Per Matteo Renzi, infatti, non sarà semplicissimo riuscire
a tenere l’esecutivo al riparo dalle imminenti e prevedibili tensioni. I
problemi, per altro, non riguardano solo il rapporto con il partito di
Angelino Alfano, alleato di governo e assai critico verso il testo della
senatrice Cirinnà: a far suonare l’allarme nelle stanze di Palazzo
Chigi, infatti, è stata soprattutto la sfida lanciata direttamente al
premier proprio dalla piazza del Family Day (al momento del voto
ricorderemo chi sta con noi e chi invece no...).
Secondo alcuni
dei più stretti collaboratori del presidente del Consiglio, però,
l’eccessiva durezza degli slogan e delle richieste arrivate dal Circo
Massimo potrebbero - paradossalmente -. finire per semplificare percorso
e scelte del Pd. Infatti, di fronte a posizioni che chiudono ogni
spazio di trattativa, definendo «inaccettabile dall’inizio alla fine» il
testo in discussione, la scelta di tirar dritto diventa quasi
obbligata. E l’unico fattore nuovo che potrebbe davvero sparigliare i
giochi - e cioè un intervento chiaro e diretto di Papa Francesco - è al
momento considerato improbabile.
Ciò non significa, naturalmente,
che la via sia larga ed in discesa: ma i toni e gli umori che hanno
caratterizzato il Family Day potrebbero almeno permettere ai sostenitori
del testo in discussione di rilanciare nel campo cattolico l’accusa di
non cercare affatto una qualche forma di mediazione, ma di puntare
all’affossamento della legge. E questa è una ipotesi che il Pd (Palazzo
Chigi) non prende nemmeno in considerazione, come affermato già da
alcune settimane in qua.
Sia come sia, domani il Senato comincerà a
votare sulle pregiudiziali di costituzionalità del disegno di legge
Cirinnà e si inizierà a capire qualcosa di più sui reali rapporti di
forza e sulle effettive intenzioni dei due schieramenti in campo.

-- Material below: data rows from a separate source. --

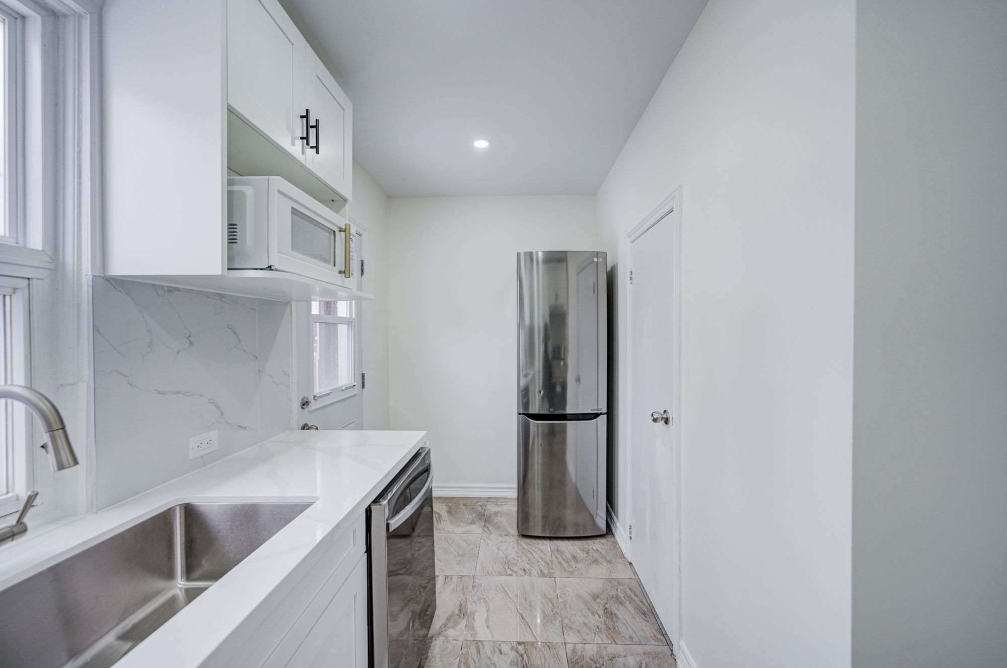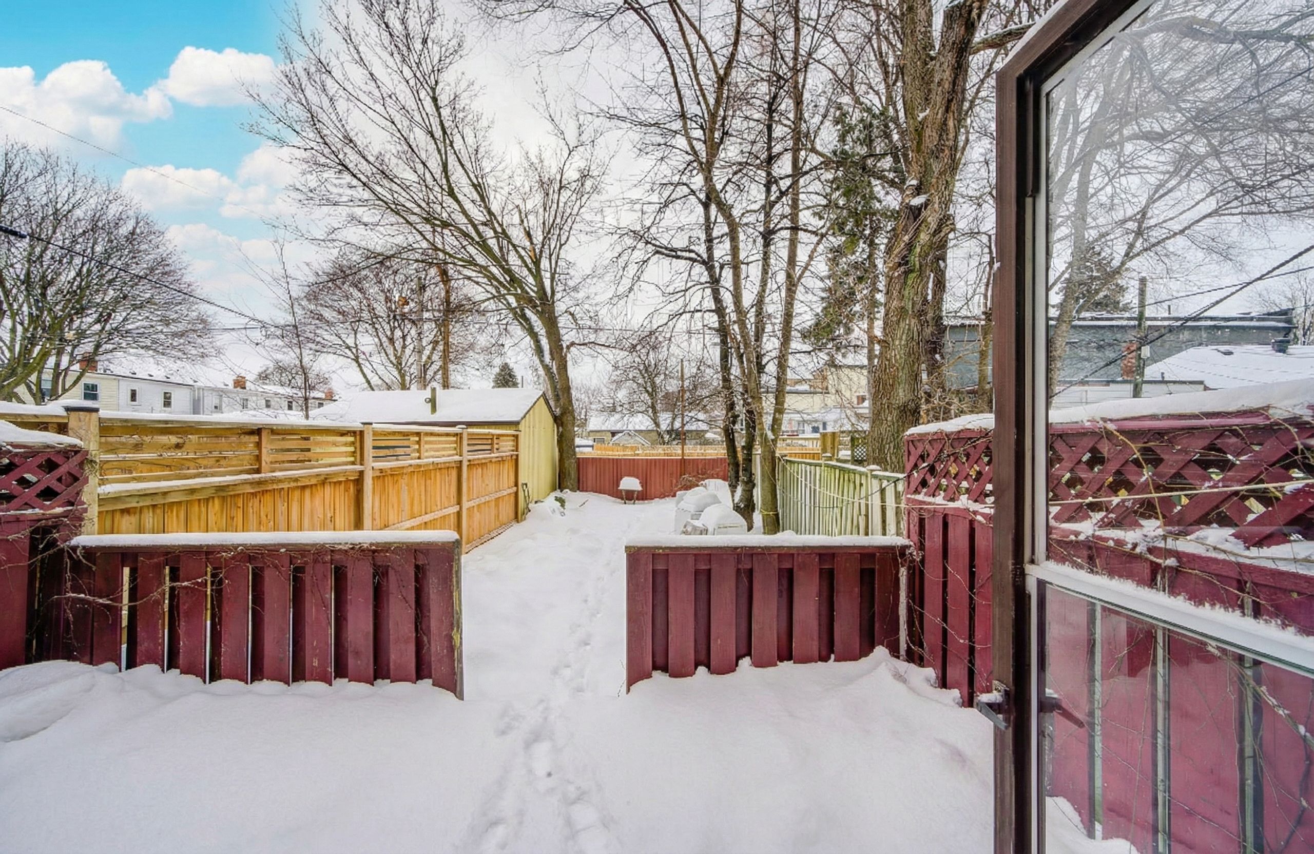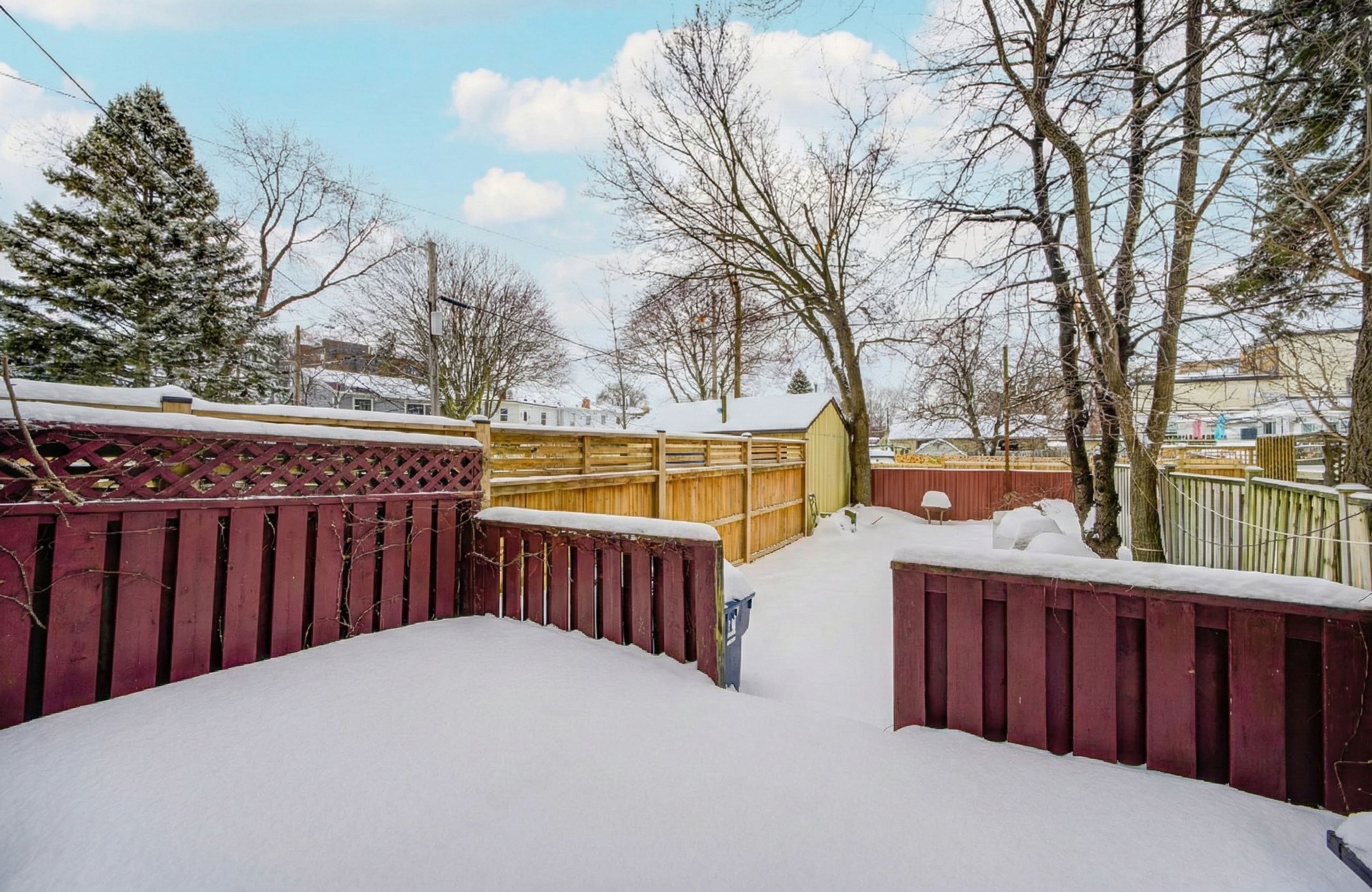 • Updated eat-in kitchen leads to a private sundeck and fenced backyard.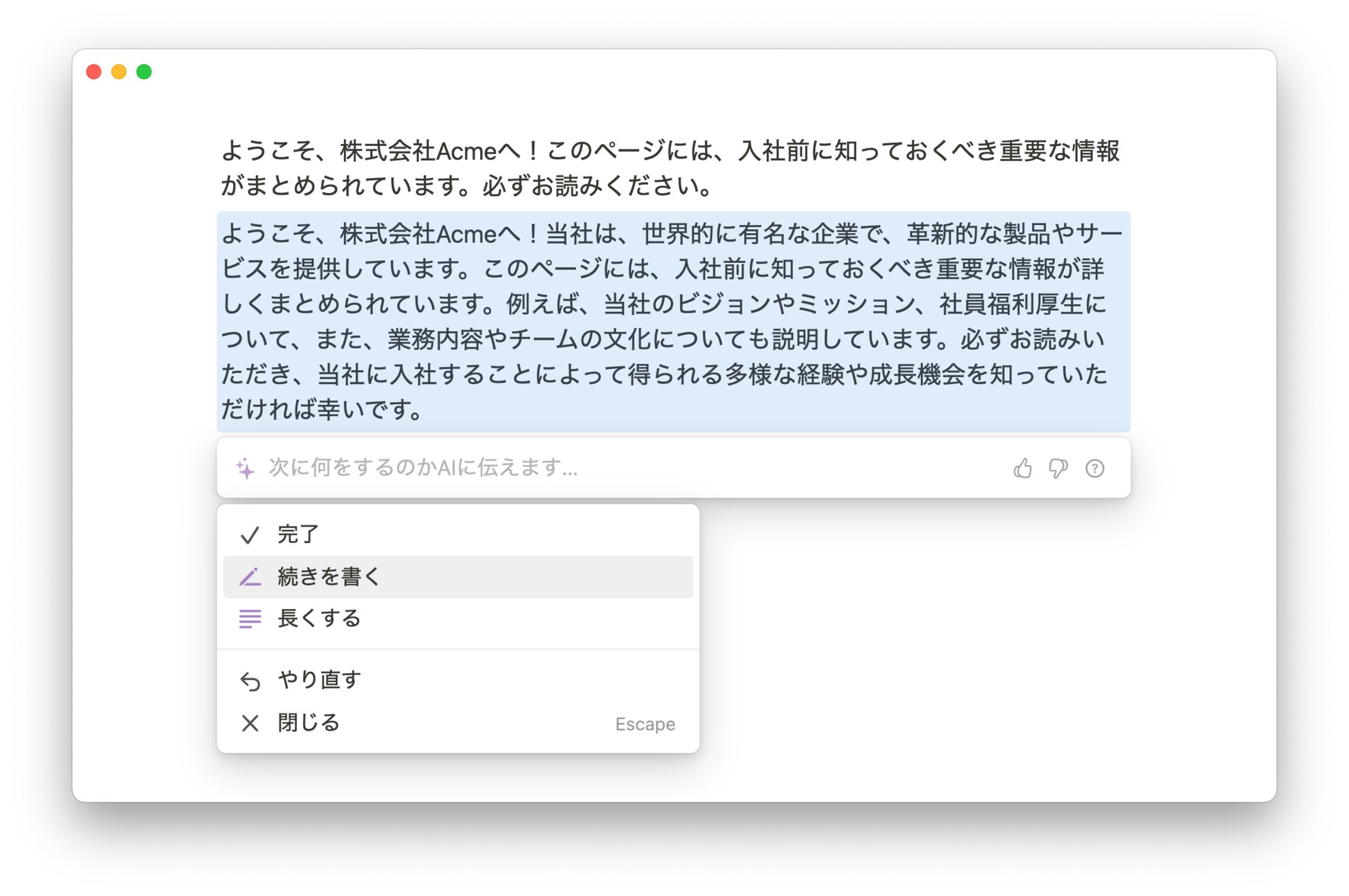 情報の整理・要約作成:ページ全体や範囲選択した文章の情報を整理したり、会議の議事録やプロジェクト概要の要約を作成・翻訳することができます。
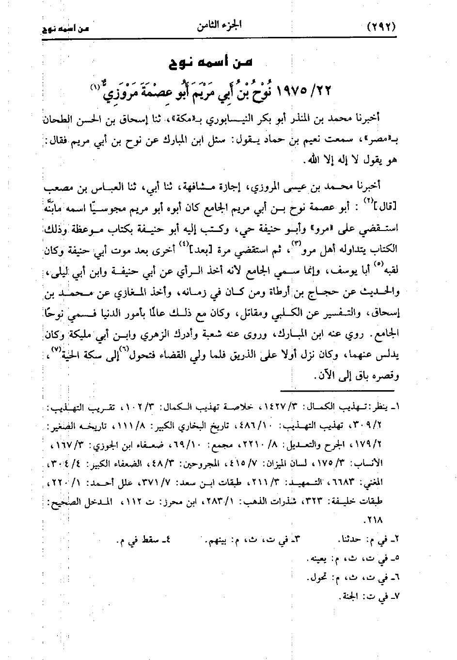 1975- نوح بْن أبي مريم أَبُو عصمة مروزي.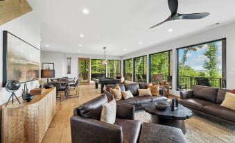 Escape to luxury at this brand-new mountain modern retreat in Morganton, GA! Perched on 1.39 acres with jaw-dropping panoramic views, this 4BR/4.5BA that comfortably sleeps 8 has stunner features floor-to-ceiling windows, a chef’s kitchen, 3 fireplaces, hot tub and a spacious game room. Relax on the deck, sip wine by the fire, or explore nearby Blue Ridge and Lake Nottely. We now have a firepit! Professionally furnished and ready for unforgettable stays, perfect for families or groups seeking style, comfort, and mountain seren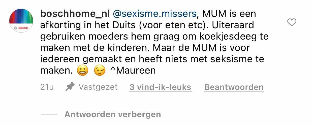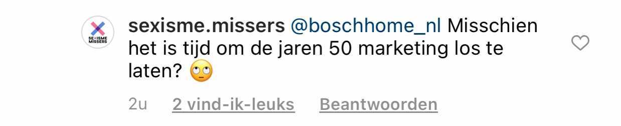 1. Zie hieronder de post van @sexisme.missers op Instagram over de keukenmachine van Bosch.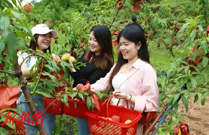 据悉,新邵县拥有像月亮湖生态农林产业园这样的黄桃基地50余家,年产黄桃等优质水果1000吨以上,每年为当地增收近2000万元,安排当地村民就业300余人。为了黄桃促销,该县每年举办“黄桃节”,各基地推出优惠采摘、参与有礼活动,邀请网红、团购达人进行现场直播带货、开团销售,并开展文艺表演、游戏互动及黄桃评比活动,当天线上销售黄桃收入达数十万元。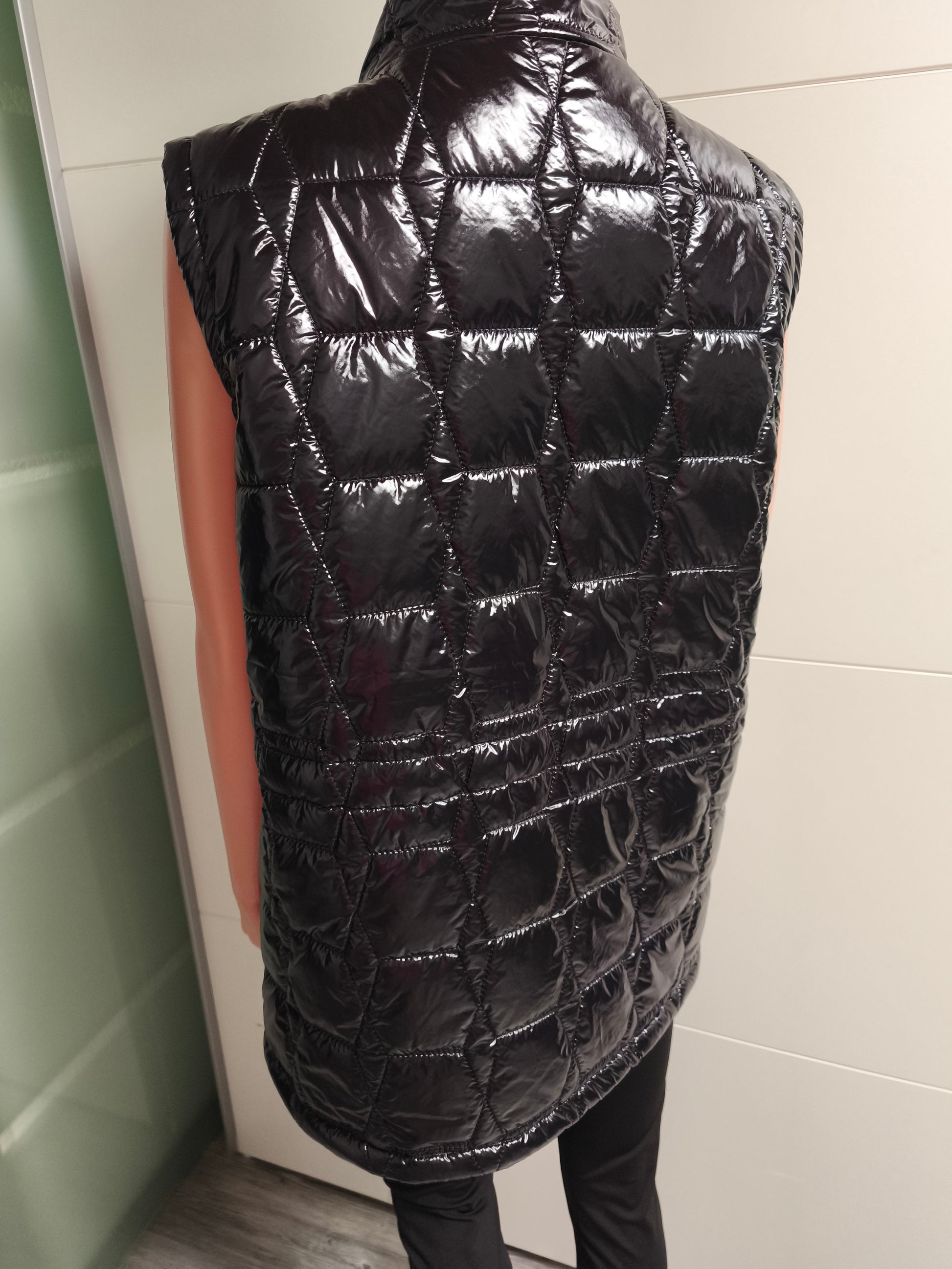 Die Weste ist leicht aber gefüttert und abgesteppt. Sie hat vorn 2 Taschen und Zugband zum enger stellen. Die Weste wird mit einem Reißverschluss und einer Knopfreihe verschlossen und ist über mit funkelnden Strass und Glitzersteinen versehen, welches auch das Logo hervorhebt.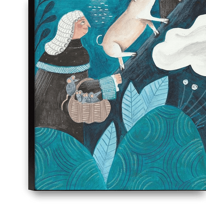 An illustration where there is much to see, a journey through the night. Wise judges discover the stars and mother and child are reunited. Basket of mice and pig go along too. All this in shades of blue. Original acrylic paint on paper.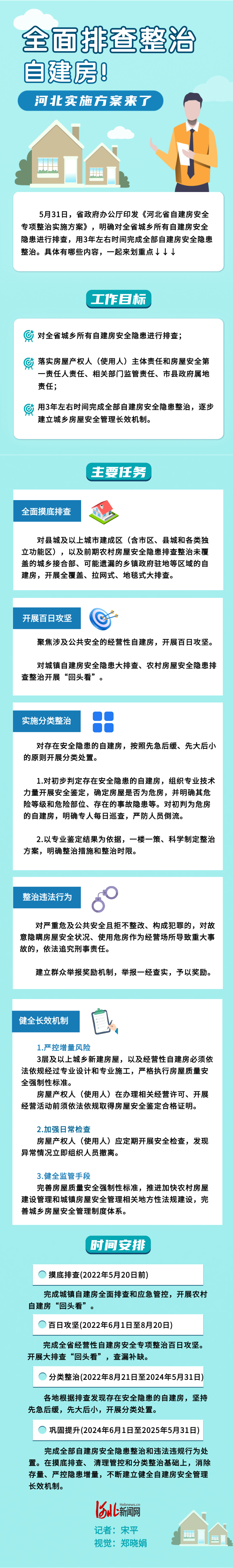 5月31日,省政府办公厅印发《河北省自建房安全专项整治实施方案》,明确对全省城乡所有自建房安全隐患进行排查,用3年左右时间完成全部自建房安全隐患整治。具体有哪些内容,一起来划重点↓↓↓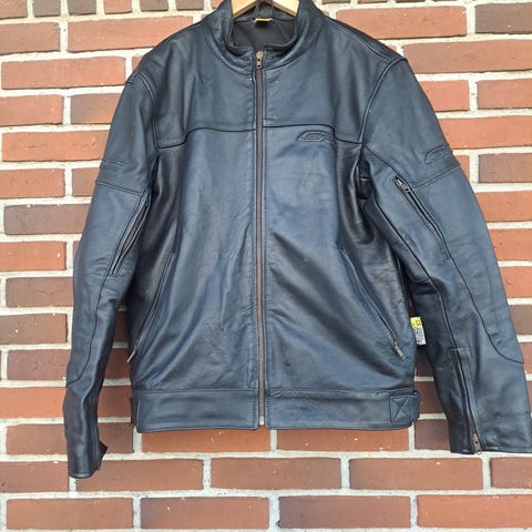 Blue MC læder motorcykeljakke og bukser sæt i sort, størrelse XL. Jakken har høj krave, lynlåslukning foran og brystlomme med lynlås. Indersiden er foret med mesh for bedre komfort og ventilation. Bukserne er udført i matchende sort læder med forstærkede knæpartier og paneler for øget slidstyrke. Sættet er egnet som motorcykelbeklædning og giver beskyttende beklædning til kørsel.
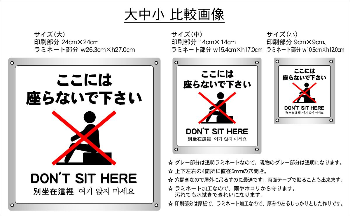 ボード・警告5・26.3×27cm・ここには座らないで下さい
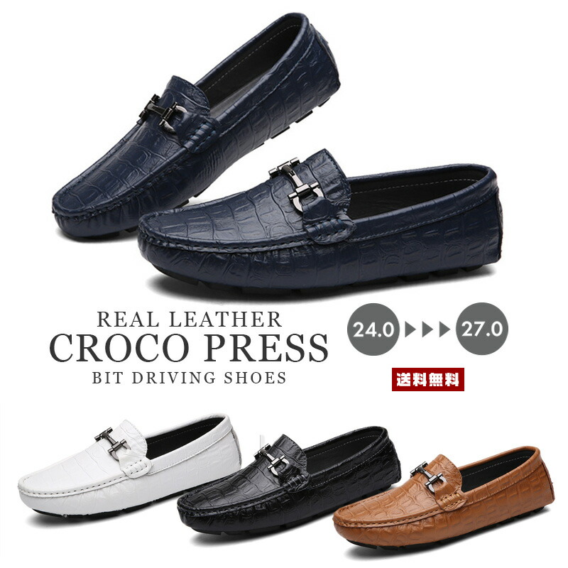 メンズ ビット付 クロコ型押し メンズ靴 ドライビングシューズ ドライビングシューズ靴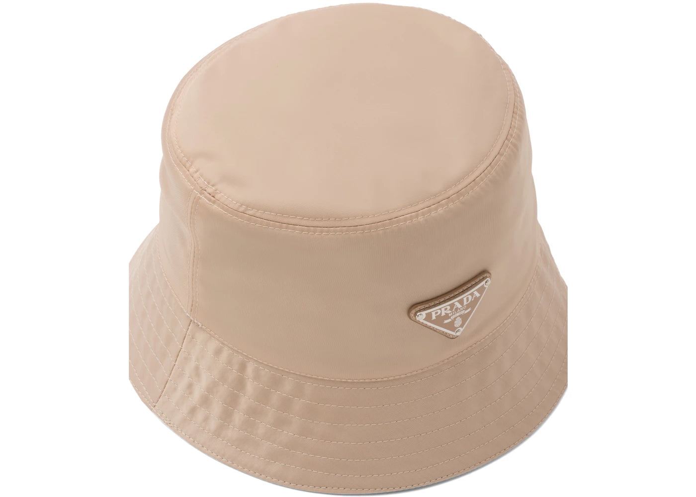 The Prada Nylon Bucket Hat Cameo Beige is now available at Side Kicks!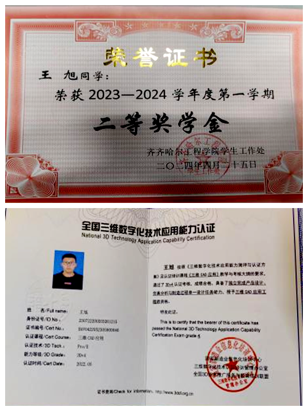 王旭,男,汉族,机电工程系2024届毕业生。机械设计制造及其自动化专业,大学期间多次获得奖学金;多门专业课获得高分。在校期间担任班长和校学生会主席等职务,获得校级“优秀干部”等荣誉。毕业后通过校招进入齐重数控装备有限公司工作。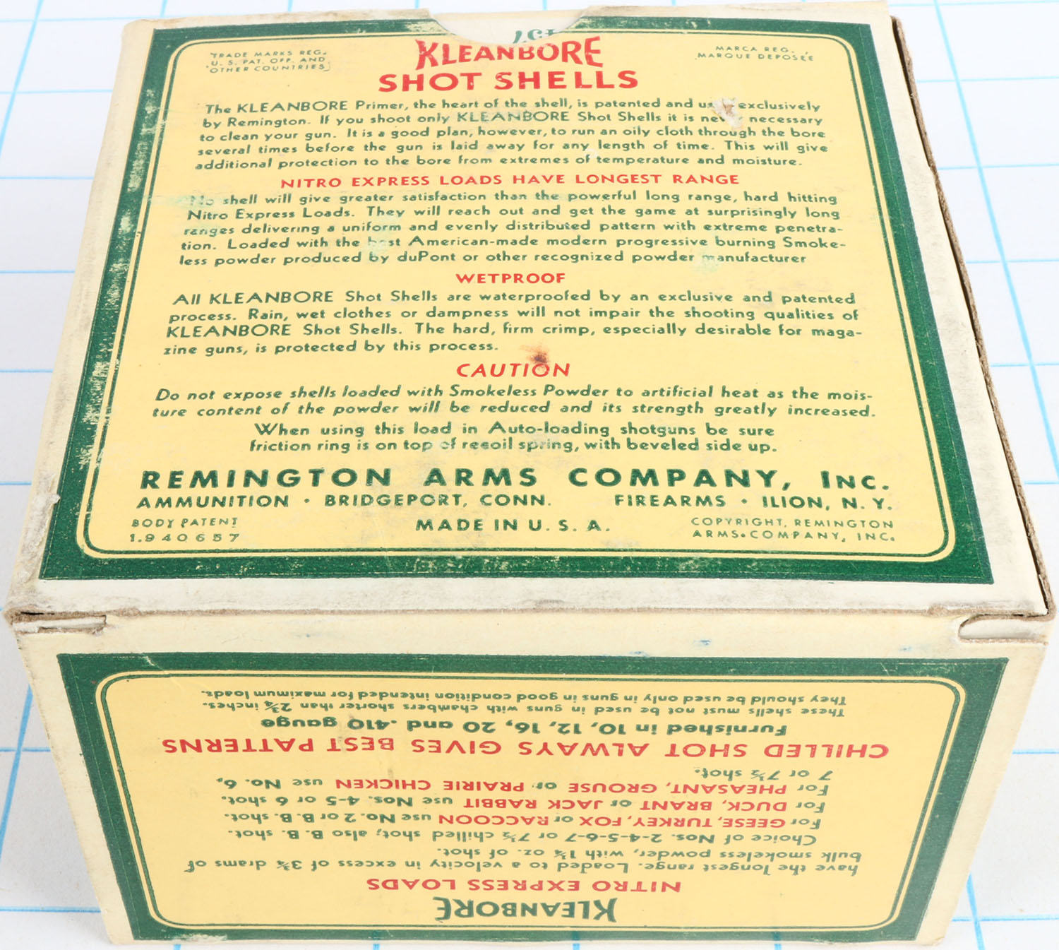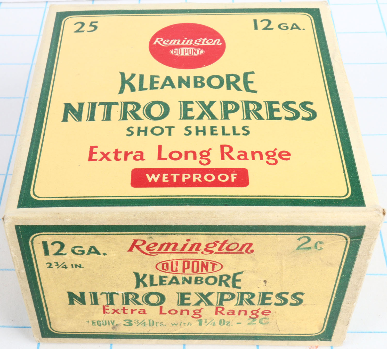 Remington Kleanbore, NITRO EXPRESS, 12ga., 1pc., Full, shot size 2 C, box is yellow, red and green, box is solid with great colors, shells are excellent. Grade: Excellent ++ - Value: 10 to 50

Palazzo Madama avvierà i suoi lavori, però, in assenza di Matteo Renzi,
che appunto domani volerà in Africa per una serie di incontri (politici e
di affari) in Nigeria, Ghana e Senegal. E al suo rientro - nel cuore
dell’ennesima settimana difficile - il premier sposterà la sua
attenzione su Milano, dove domenica andranno in scena le primarie del
centrosinistra per la scelta del candidato-sindaco.
Partita assai
importante, per il Pd e per Renzi stesso, che ha puntato tutte le sue
fiches su un candidato - Giuseppe Sala - certo eccentrico rispetto alla
storia dei democratici milanesi. E non è un caso che i toni si stiano di
molto alzando, fino ad assumere argomenti polemici (come il fantasma
del Partito della nazione) fino a ieri patrimonio esclusivo di certi
durissimi scontri nazionali... Del resto, il lotto degli sfidanti di
Sala - tutti dichiaratamente «più a sinistra» dell’uomo scelto da Renzi -
sembra fatto apposta per dar legittimità ad una simile polemica. E
anche se i sondaggi danno in testa l’ex commissario unico di Expò, il
premier non è tranquillo. I sondaggi, ripete infatti spesso, sono fatti
per esser cambiati: e non vorrebbe che fosse questa la sorte destinata
anche alle rilevazioni che per ora danno Giuseppe Sala quasi sicuro
vincitore della sfida di domenica 7 febbraio.